The Minx Go’s profile is wide and flat, shaped like Cambridge Audio’s Minx Air speakers. The speaker measures 4.8 by 9.3 by 2.4 inches (HWD), weighs a relatively hefty (for a portable Bluetooth speaker) 2.4 pounds, and is gently curved on its face, with a metal grille boasting the Cambridge Audio logo. The glossy body of the speaker holds Power and Volume Up/Down buttons on the top, but otherwise looks smooth and clean. The speaker’s few ports (USB, 3.5mm, and power) and its covered radiator sit on the back, hidden unless you look for it. While the speaker is a little too thin to securely stand up on its own, a swivel-out foot on the rubberized base makes it shake-free and stable on any flat surface.
As a Bluetooth speaker, the Minx Go automatically goes into Bluetooth pairing mode when you turn it on for the first time, and you can put it in pairing mode again by pressing the power button twice. The process was extremely fast and easy, with the usual handy audio cues and a flashing-to-solid light on the power button to indicate when my Samsung Galaxy S III was paired. There is no input button, so the speaker simply prioritizes Bluetooth playback over the 3.5mm audio jack. If you want to use it as a wired speaker, just make sure your Bluetooth device isn’t streaming before you play from your wired device.

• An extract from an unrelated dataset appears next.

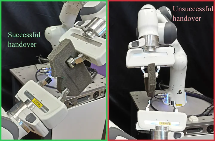 An example of a successful and an unsuccessful attempt of a robot-to-robot object handover, implemented using RIMEDNet.

The Minx Go gets pleasantly loud, but it can’t quite reach the volume levels of the smaller Logitech UE Boom. Its balance feels slightly off as well, with treble and bass response both sounding weak against a strong, almost overpowering midrange. In both Daft Punk’s synth-heavy “Aerodynamic” and Red Fang’s grungy, distorted “Wires,” either extreme in the audio spectrum seemed to suffer. “Aerodynamic’s” plinky, electronic melody faded against overpowering drums, and “Wires’” already under-mixed vocals were almost completely swallowed up by guitar riffs. This strong midrange can be good for listening to rock, classical, and jazz, but any music with particularly heavy bass or subtle high end material loses clarity and power at higher volumes.
Our pure bass test track, The Knife’s “Silent Shout,” fared poorly, but not for the usual reasons. The speaker handled the sub-bass synth notes with very little distortion, only popping slightly at maximum volume. However, the power of the bass rattled the speaker’s case and made the swiveling foot vibrate, which caused an unpleasant buzzing sound that hurt the track.
I tested the Minx Go with my Samsung Galaxy S III and a Google Nexus 4, and I noticed varying levels of Bluetooth artifacts on both when playing music wirelessly. Sound streamed through my Galaxy S III got a distinctly hollow artifact effect to it, and the Nexus 4 developed a slight roughness in the audio it didn’t exhibit with a wired connection.
The Cambridge Audio Minx Go is a respectable, affordable Bluetooth speaker, but if you’re willing to spend $50 more, you can find a much better alternative in the Logitech UE Boom. The Minx Go’s battery is big and its drivers put out plenty of volume, but its uneven frequency response and prone-to-buzzing build make it fall flat against Logitech’s $200 beer can speaker.